▼
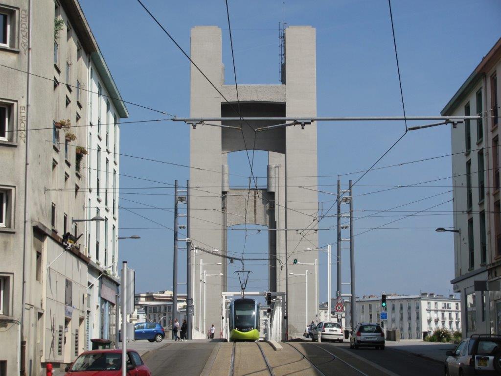 A Brest, la rame 1011 Citadis 302 Alstom franchit le pont de Recouvrance en direction du terminus ouest « Porte de Plouzané », le samedi 22 avril 2017. Copyright : Edouard Paris
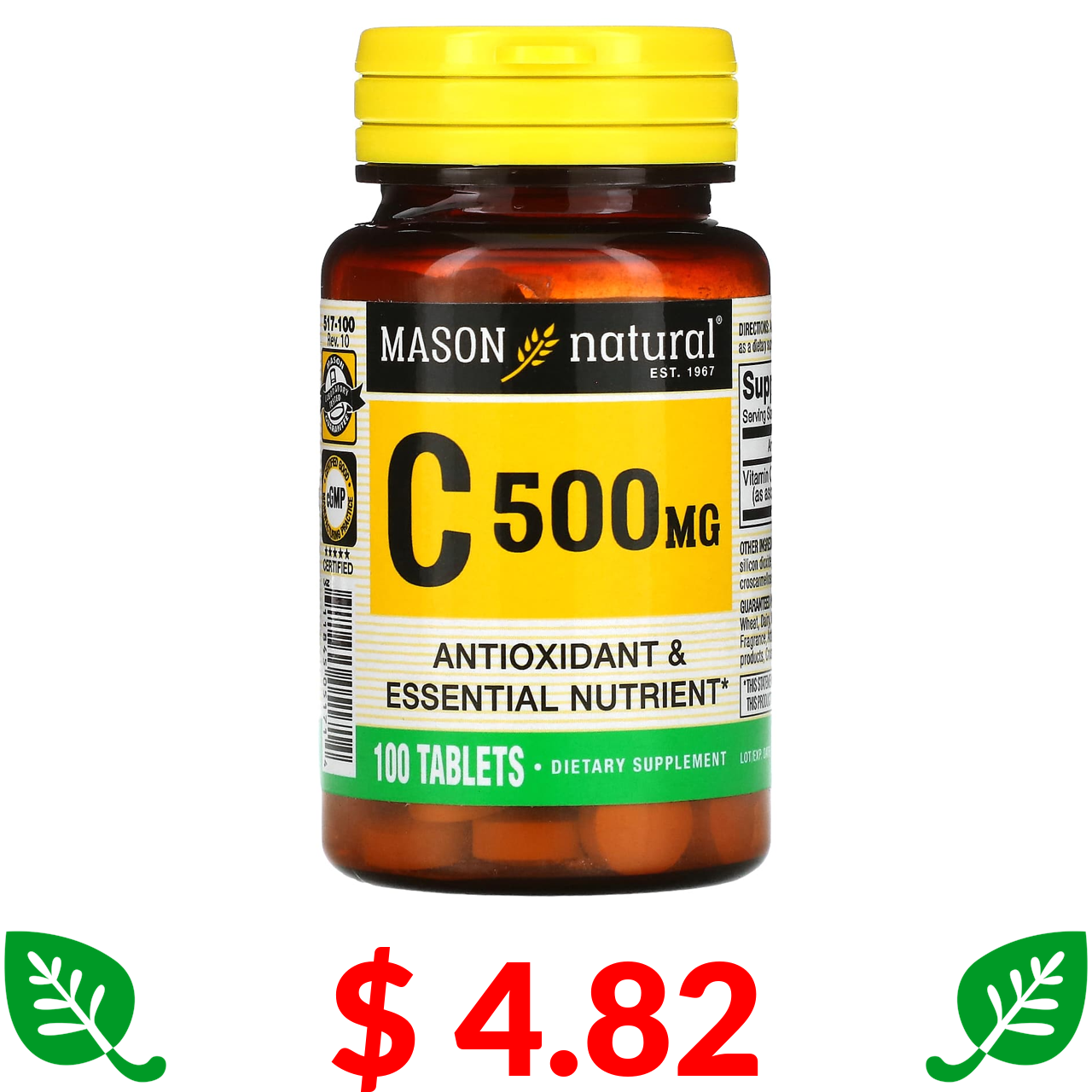 $ 4.82 Mason Natural, вітамін C, 500 мг, 100 таблеток
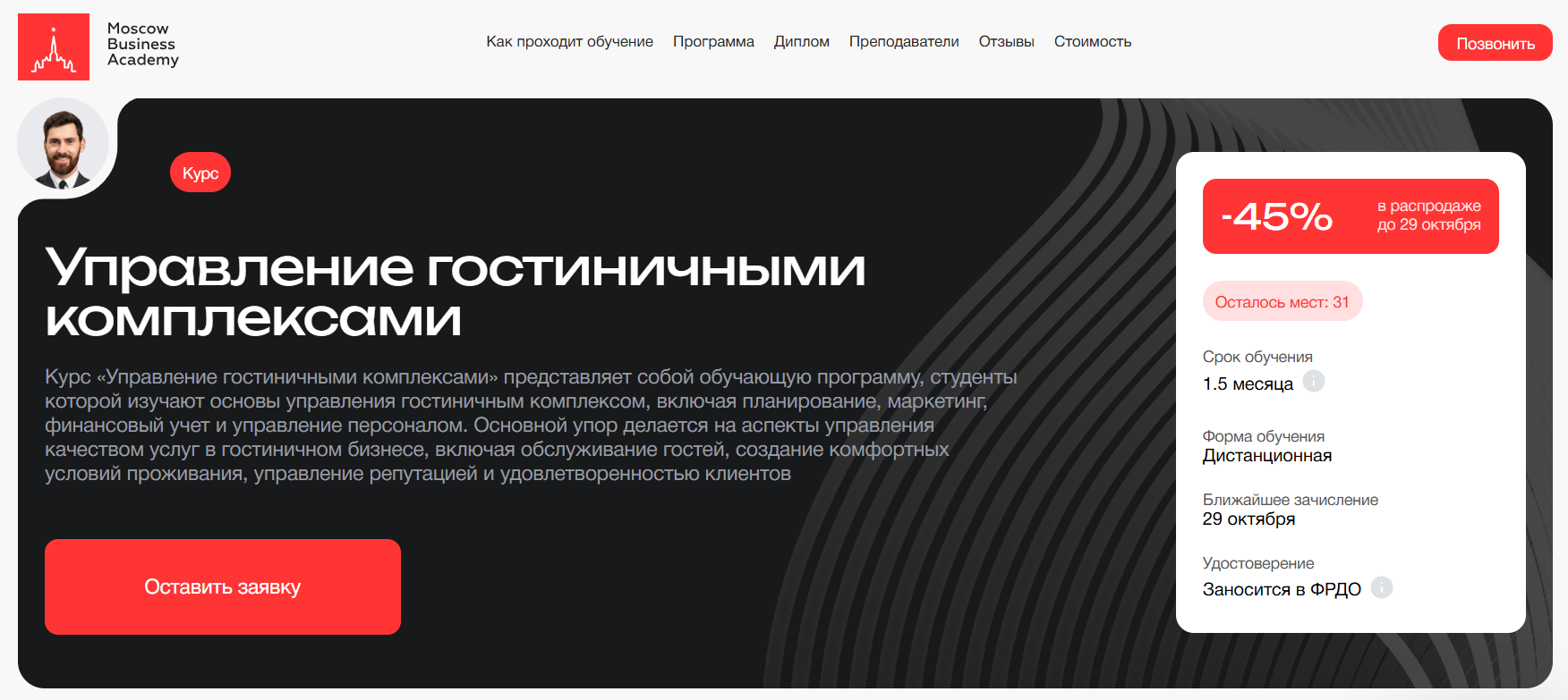 Управление гостиничными комплексами от Moscow Business Academy — Современный подход к работе с крупными структурными проектами.
▲
PROMPT =
The listing above, line by line: print it exactly, but not its pictures.

ANSWER TO THIS TASK =
 A Brest, la rame 1011 Citadis 302 Alstom franchit le pont de Recouvrance en direction du terminus ouest « Porte de Plouzané », le samedi 22 avril 2017. Copyright : Edouard Paris
 $ 4.82 Mason Natural, вітамін C, 500 мг, 100 таблеток
 Управление гостиничными комплексами от Moscow Business Academy — Современный подход к работе с крупными структурными проектами.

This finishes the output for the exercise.